Doi : 10.1016/S0094-0143(05)70121-X 
Jens J. Rassweiler, MD a, Claude Abbou, MD b, Günter Janetschek, MD c, Klaus Jeschke, MD d
a Department of Urology, Klinikum Heilbronn, University of Heidelberg, Germany (JR) 
b Department of Urology, Hôpital Henri Mondor, Creteil, France (CA) 
c Department of Urology, University of Innsbruck, (GJ) 
d Department of Urology, Landeskrankenhaus Klagenfurt (KJ), Austria. 

Résumé

Traditionally, partial nephrectomy for renal cell carcinoma was performed only for tumors occurring in a solitary kidney or when the patient presented with bilateral disease.19, 28 Because of the favorable results obtained in terms of patient survival, tumor control, and complication rates, the indications for nephron-sparing surgery were extended to include patients with small tumors and a normal contralateral kidney.20, 26, 27, 34, 39, 40, 55 Small renal cell carcinomas are usually of lower stage and have a better prognosis. Owing to the widespread use of diagnostic ultrasound and CT, an increasing number of such lesions are detected incidentally,47, 53 and interest in nephron-sparing surgery and other organ-preserving approaches, such as cryotherapy37 or high-energy focused ultrasound,35 can be expected to grow.
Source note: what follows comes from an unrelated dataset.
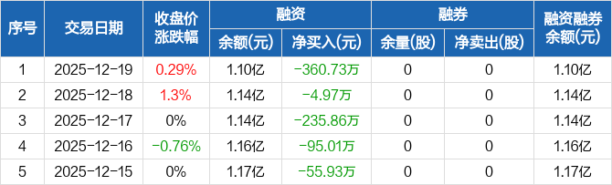 巍华新材:连续5日融资净偿还累计752.49万元(12-19)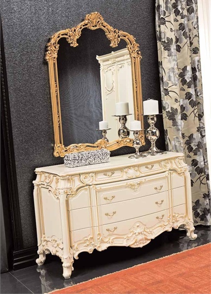 Headsets for bedrooms from Italian manufacturer Silik. Includes double bed, chest of drawers and bedside tables. Frames made from solid wood. Upholstery textile from the company portfolio. Fittings made of metal. All models are adorned with decorative hand carved and gilt.

Clayman and colleagues13 pioneered laparoscopic nephrectomy when they removed a renal oncocytoma in 1990. Almost 1 year, later Coptcoat and co-workers14 used the same technique for radical extirpation of a T2 renal cell carcinoma. Despite the enthusiasm of these pioneering surgeons, laparoscopic surgery, especially laparoscopic nephrectomy, has not become a widespread procedure. Expertise has concentrated in centers that are increasingly becoming active throughout the world.4, 5, 15, 18, 29, 41, 45, 46, 57 Nevertheless, even among laparoscopic surgeons, the indications for radical nephrectomy are still under debate. Only 37 of 482 nephrectomies reported in a recently published German multicenter study were performed for renal malignancy.49 During the last 3 years, there has been an increasing number of reports of laparoscopic radical nephrectomy using different technical approaches, such as transperitoneal laparoscopy,42, 55 retroperitoneoscopy,12, 52 and hand-assisted and gasless laparoscopy.59

Based on their favorable experience with laparoscopic radical nephrectomy and with partial nephrectomy for benign renal disorders,21, 23, 24, 51 the authors now perform nephron-sparing surgery for small renal cell carcinoma as an alternative to the open technique.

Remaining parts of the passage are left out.